### What is required
Retype the material that follows exactly, limited to the lines from the one with "5-04. 11月3日 K邸据付見学" through the one with "跨境新款毛毡收纳桶大容量收纳筐万圣节卡通手提包整理储物箱", and keep out all pictures.

### Data for this exercise

----------

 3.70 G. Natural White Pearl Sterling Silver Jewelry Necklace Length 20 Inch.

----------

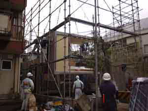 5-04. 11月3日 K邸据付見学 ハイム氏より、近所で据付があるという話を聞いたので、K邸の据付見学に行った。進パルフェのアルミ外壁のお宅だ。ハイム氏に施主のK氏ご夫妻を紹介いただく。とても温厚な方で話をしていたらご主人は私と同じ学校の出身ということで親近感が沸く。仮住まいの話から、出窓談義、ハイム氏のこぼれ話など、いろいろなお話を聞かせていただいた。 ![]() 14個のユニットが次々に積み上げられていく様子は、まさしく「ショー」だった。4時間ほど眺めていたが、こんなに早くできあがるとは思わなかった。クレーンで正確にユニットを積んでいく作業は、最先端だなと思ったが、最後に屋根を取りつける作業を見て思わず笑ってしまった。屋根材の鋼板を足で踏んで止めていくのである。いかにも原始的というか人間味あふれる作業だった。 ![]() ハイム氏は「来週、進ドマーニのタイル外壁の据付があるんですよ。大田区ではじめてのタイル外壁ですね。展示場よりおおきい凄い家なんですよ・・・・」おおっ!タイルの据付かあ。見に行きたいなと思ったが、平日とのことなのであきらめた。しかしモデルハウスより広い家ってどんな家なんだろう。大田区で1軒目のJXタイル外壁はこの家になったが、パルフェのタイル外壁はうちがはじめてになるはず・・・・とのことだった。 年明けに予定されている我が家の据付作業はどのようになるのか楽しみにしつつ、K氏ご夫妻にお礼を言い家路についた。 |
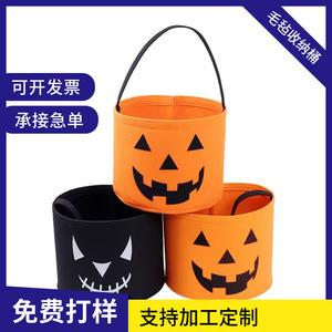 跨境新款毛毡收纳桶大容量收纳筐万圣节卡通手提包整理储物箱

----------

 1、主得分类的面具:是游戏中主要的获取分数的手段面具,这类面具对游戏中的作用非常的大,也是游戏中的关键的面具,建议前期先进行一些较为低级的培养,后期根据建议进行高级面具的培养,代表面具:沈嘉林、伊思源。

----------

### Exercise response
 5-04. 11月3日 K邸据付見学 ハイム氏より、近所で据付があるという話を聞いたので、K邸の据付見学に行った。進パルフェのアルミ外壁のお宅だ。ハイム氏に施主のK氏ご夫妻を紹介いただく。とても温厚な方で話をしていたらご主人は私と同じ学校の出身ということで親近感が沸く。仮住まいの話から、出窓談義、ハイム氏のこぼれ話など、いろいろなお話を聞かせていただいた。 ![]() 14個のユニットが次々に積み上げられていく様子は、まさしく「ショー」だった。4時間ほど眺めていたが、こんなに早くできあがるとは思わなかった。クレーンで正確にユニットを積んでいく作業は、最先端だなと思ったが、最後に屋根を取りつける作業を見て思わず笑ってしまった。屋根材の鋼板を足で踏んで止めていくのである。いかにも原始的というか人間味あふれる作業だった。 ![]() ハイム氏は「来週、進ドマーニのタイル外壁の据付があるんですよ。大田区ではじめてのタイル外壁ですね。展示場よりおおきい凄い家なんですよ・・・・」おおっ!タイルの据付かあ。見に行きたいなと思ったが、平日とのことなのであきらめた。しかしモデルハウスより広い家ってどんな家なんだろう。大田区で1軒目のJXタイル外壁はこの家になったが、パルフェのタイル外壁はうちがはじめてになるはず・・・・とのことだった。 年明けに予定されている我が家の据付作業はどのようになるのか楽しみにしつつ、K氏ご夫妻にお礼を言い家路についた。 |
 跨境新款毛毡收纳桶大容量收纳筐万圣节卡通手提包整理储物箱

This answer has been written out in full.